SRS prime inks labor accord for future South Carolina pit plant

By Dan Leone

The prime contractor at the Savannah River Site last week signed a project labor agreement with a consortium of 19 labor unions for construction of the larger of the National Nuclear Security Administration plutonium pit plants.

The Fluor-led Savannah River Nuclear Solutions and the Augusta Building and Construction Trades Council inked the accord in Augusta, Ga., according to a press release from the prime. A project labor agreement is an umbrella document that sets general terms for many of the construction workers who will help build the plant.

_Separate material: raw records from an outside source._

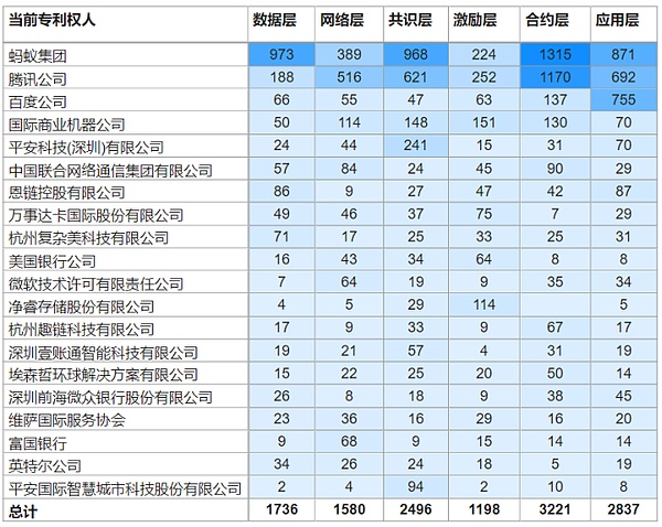 通过对区块链主流技术架构层下的专利授权量统计发现,蚂蚁集团和腾讯公司已包揽各主流技术架构层专利授权量的全球第一。其中,蚂蚁集团数据层专利授权量973件、共识层专利授权量968件、合约层专利授权量1315件、应用层专利授权量871件、网络层专利授权量389件、激励层专利授权量224件,数据层、共识层、合约层和应用层专利授权量位居全球首位,重点布局数据结构、加密机制、权限管理、计算资源等相关技术。腾讯公司网络层专利授权量516件、共识层专利授权量621件、合约层专利授权量1170件、应用层专利授权量692件、激励层专利授权量252件、数据层专利授权量188件,网络层和激励层专利授权量位居全球首位,重点布局智能合约技术等。
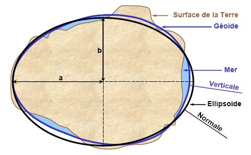 La terre n'est pas une sphère, qui est une forme géométrique dite parfaite, mais un géoïde. Ce terme désigne la forme réelle de la surface terrestre, légèrement aplatie aux pôles et bosselée selon les continents. Son apparence sphérique lorsqu'on l'observe depuis l'espace masque les nombreuses petites irrégularités de sa surface. Pour modéliser cette surface, on utilise une figure géométrique plus régulière, l'ellipsoïde : volume globalement sphérique présentant un aplatissement aux pôles et servant de référence pour la construction des projections cartographiques.
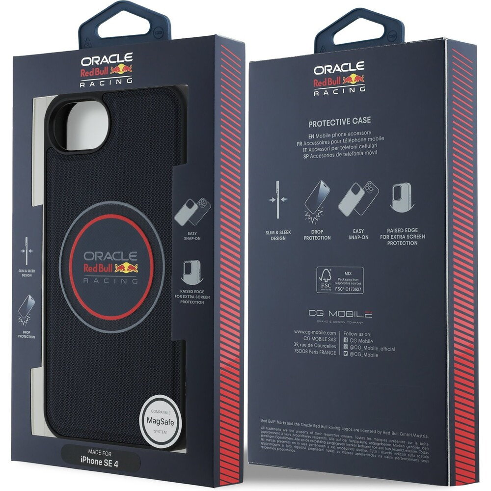 Oracle Red Bull Racing PU Leather Red Ring MagSafe kryt iPhone 16e modrý

A spokesperson for Savannah River Nuclear Solutions said last week that some construction of SRPPF could begin by the end of December.

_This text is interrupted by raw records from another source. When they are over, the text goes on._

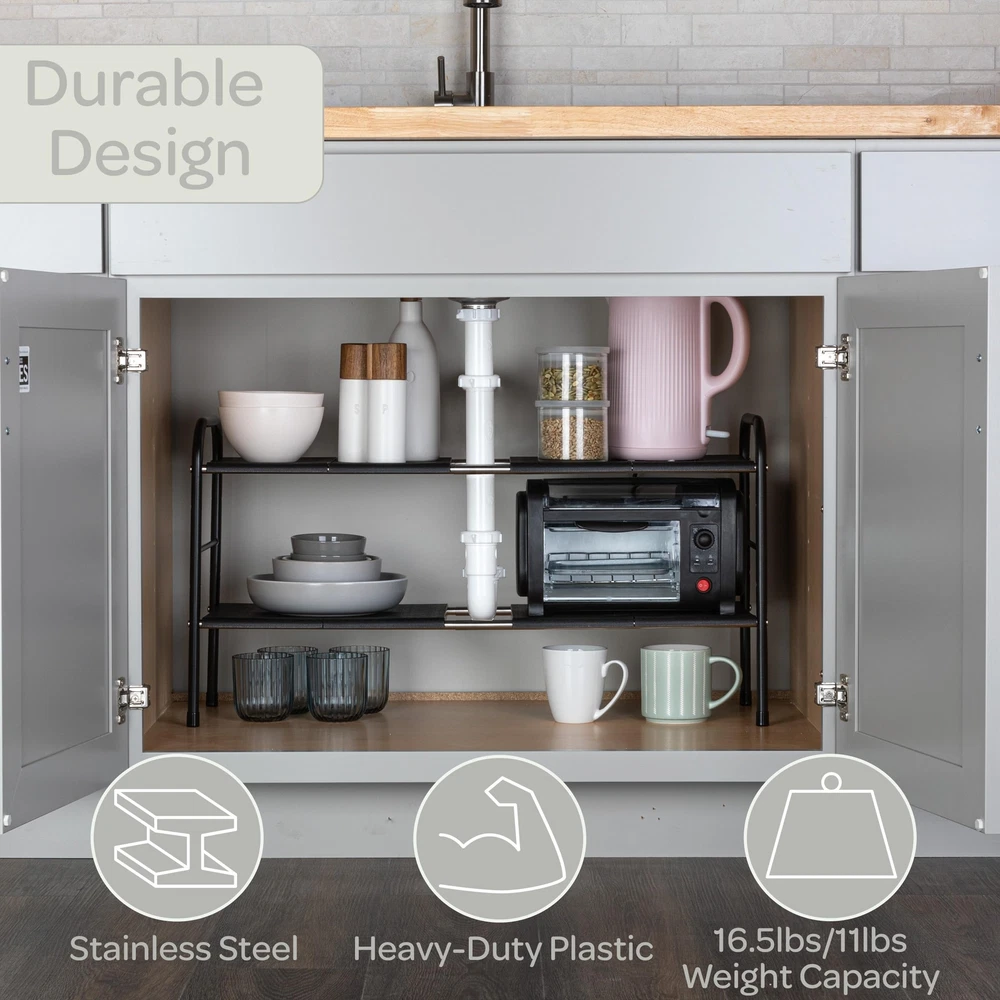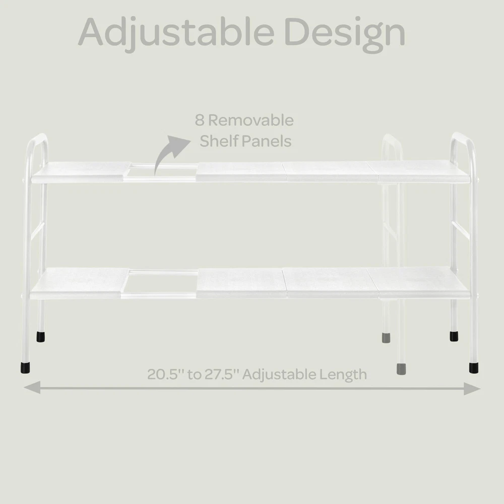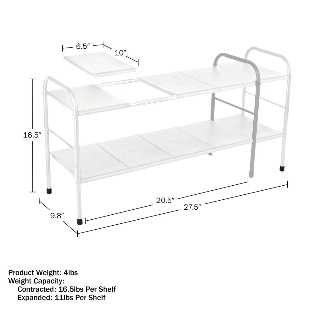The completely customizable 2-Tier Under Kitchen Sink Organizer by turns wasted space into organized storage. With an adjustable length and 8 removable shelf panels, this bathroom cabinet organizer allows for customizable and movable shelving, so interfering with drainpipes isn’t an issue. This cabinet shelf fits under almost any sink or cupboard and is perfect for organizing cleaning products, toiletries, towels, or for creating more space for pots and pans. UNDER THE SINK ORGANIZER - Transform wasted storage space with the under bathroom sink organizers and storage. This under cabinet shelf allows you to increase your kitchen or bathroom storage options by fully utilizing the space under your sink. ADJUSTABLE DESIGN - With an adjustable length from 20.5in to 27.5in and 8 removable shelf panels, the under cabinet organizer fits under almost any sink. The panels allow for completely customizable and movable shelving, so drainpipes aren't an issue. DURABLE CONSTRUCTION - Made of stainless steel and heavy duty plastic, each shelf on this under bathroom sink organizer can support up to 16.5lbs when contracted and 11lbs when extended. The cabinet shelves assemble quickly with hardware included. VERSATILE USE - Use the unit as a kitchen shelf organizer to pots, pans and dishes, or use it as a bathroom sink organizer to cleaning supplies or toiletries, ideal for adding usable under shelf storage space to any sink, cabinet, or cupboard. PRODUCT DETAILS - Materials: Stainless Steel and Plastic. Dimensions: (L) 20.5-27.5” x (W) 9.8” x (H) 16.5”; Panels: (L) 6.5” x (W) 10”. Product Weight: 4lbs. Weight Capacity: When Contracted: 16.5lbs Per Shelf; Expanded: 11lbs Per Shelf. Color: White.
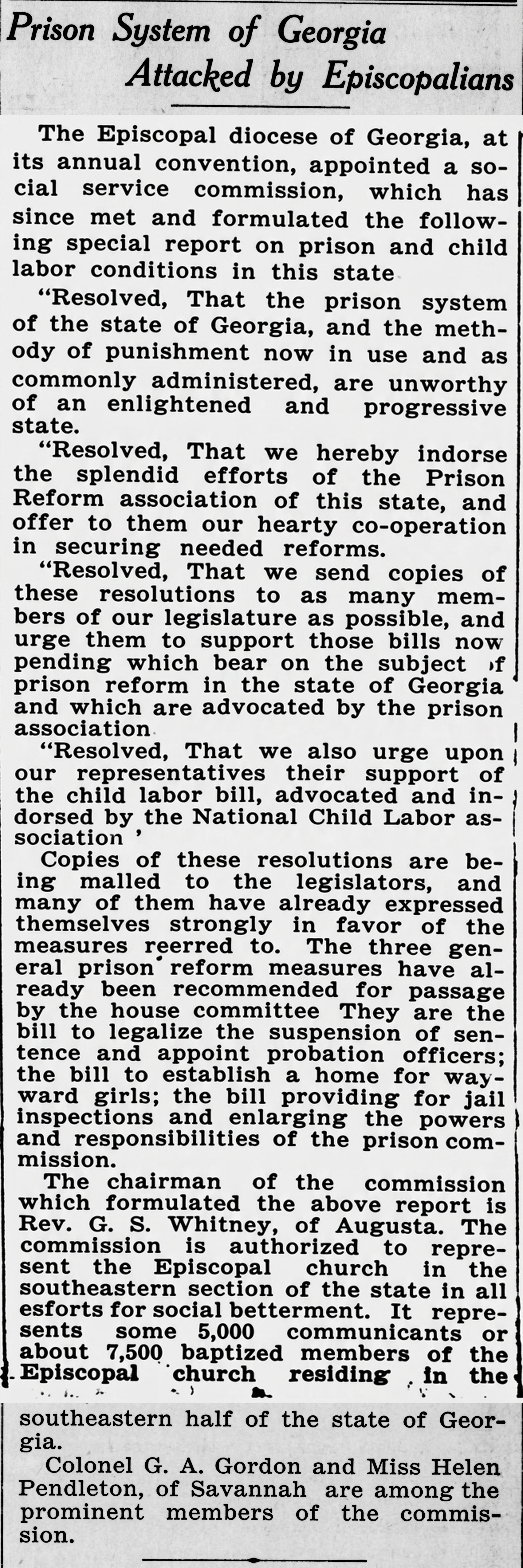 The Episcopalian diocese of Georgia, at its annual convention, appointed a social service commission, which has since met and formulated the following special report on prison and child labor conditions in this state.
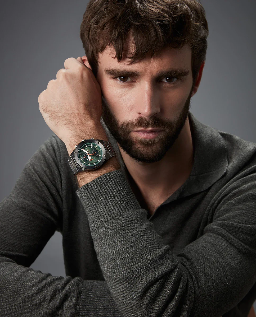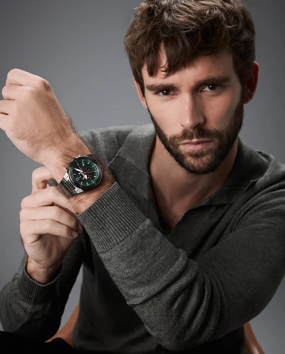 El brazalete en acero se ajusta mediante cierre desplegable de seguridad, garantizando comodidad y firmeza en la muñeca. Su movimiento de cuarzo con cronógrafo ofrece precisión en cada medición, mientras que su resistencia al agua hasta 200 metros lo convierte en el compañero perfecto para actividades acuáticas y deportivas.

In May, as part of its budget request for the 2023 fiscal year that began Oct. 1, the National Nuclear Security Administration (NNSA) said it expected to finalize the Savannah River Plutonium Processing Facility’s (SRPPF) final design by September 2023 and authorize the start of construction by December 2023.

The agency does not expect to produce pits at Savannah River until the early- or mid-2030s. That’s a few years later than the best-case scenario the NNSA imagined around 2018, when it formally made the call to build SRPPF from the partially constructed Mixed Oxide Fuel Fabrication Facility.

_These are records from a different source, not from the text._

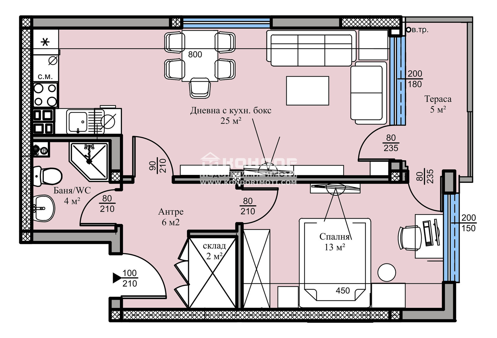 Оферта 61548: Фиксирани Цени - без опция за Промяна по време на Строителството !!! Без Комисион от Купувача !!! Предлагаме Ви възможността да си закупите двустаен апартамент в нискоетажана жилищна сграда в един от най-предпочитаните напоследък райони за живеене, намираща се в близост до Гребна База, училища, детски градини, удобен транспорт и големи хранителни хипермаркети. Жилището се състои от светла ъглова дневна 25кв.м. с трапезария и кухненски бокс, една самостоятелна спалня 13кв.м., баня с тоалетна, склад, входно антре и една тераса, обща за двете стаи. Сградата е проектирана с нисък процент общи части, което дава повече реална и използваема площ на стаите и създава максимален комфорт на своите ползватели. Перспективна ИНВЕСТИЦИЯ ЗА ОТДАВАНЕ ПОД НАЕМ!!! Изпълнението се осъществява от фирма с доказан опит и множество построени сгради, като се използват висококачествени материали и съвременни технологии, по европейски стандарт, шест камерна PVC дограма, блиндирана входна врата с 4-странно заключване, сензорно осветление, хидравлични асансьори с огледална кабина. Свободни паркоместа и партерни гаражи!!! Приложените снимки са от друга готова сграда на строителната фирма. Възможност за закупуване на лизинг или чрез банков кредит!!!ВИЖТЕ ОЩЕ ИЗГОДНИ ОФЕРТИ НА https://www.kondorimoti.com/ С ЕЖЕДНЕВНА АКТУАЛИЗАЦИЯ!
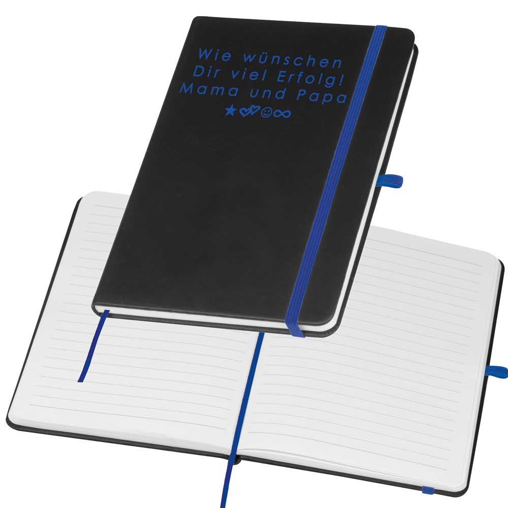 A5 Notizbuch mit farbiger Gravur | Kunstlederumschlag | 192 linierte Seiten | farbiges Lesebändchen | Personalisiert | Notizbuch liniert-Blau
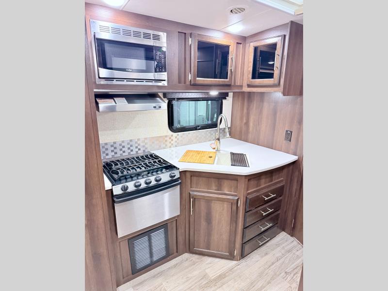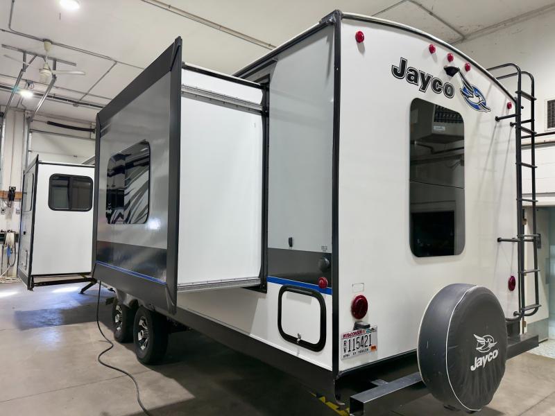 Jayco has made certain that you will stand out from the crowd while traveling in the White Hawk by adding their Magnum Truss Roof System which can withstand up to 4,500 pounds, fifty percent more than the competition. The American-made Goodyear tires with self-adjusting electric brakes are the perfect base to the sleek and aerodynamic exterior. On top of all of that, the entire trailer is backed by the Jayco 2-year limited warranty so that you can travel with confidence during every adventure you take.

The NNSA is building two pit plants to produce fissile cores for nuclear-weapon first stages for most of the rest of this century: SRPPF, and a smaller pit plant at the Los Alamos National Laboratory in New Mexico. The Los Alamos plant is supposed to produce multiple war-ready pits by 2024, though the lab acknowledged it faced delays, and 30 pits annually by 2026.

Meanwhile, Congress dealt the NNSA’s pit budget a short hand for most of the first quarter of fiscal year 2023, holding the enterprise-wide construction budget for the pit plants at the annualized equivalent of $1.7 billion instead of the $2.4 billion the Joe Biden administration requested for fiscal 2023.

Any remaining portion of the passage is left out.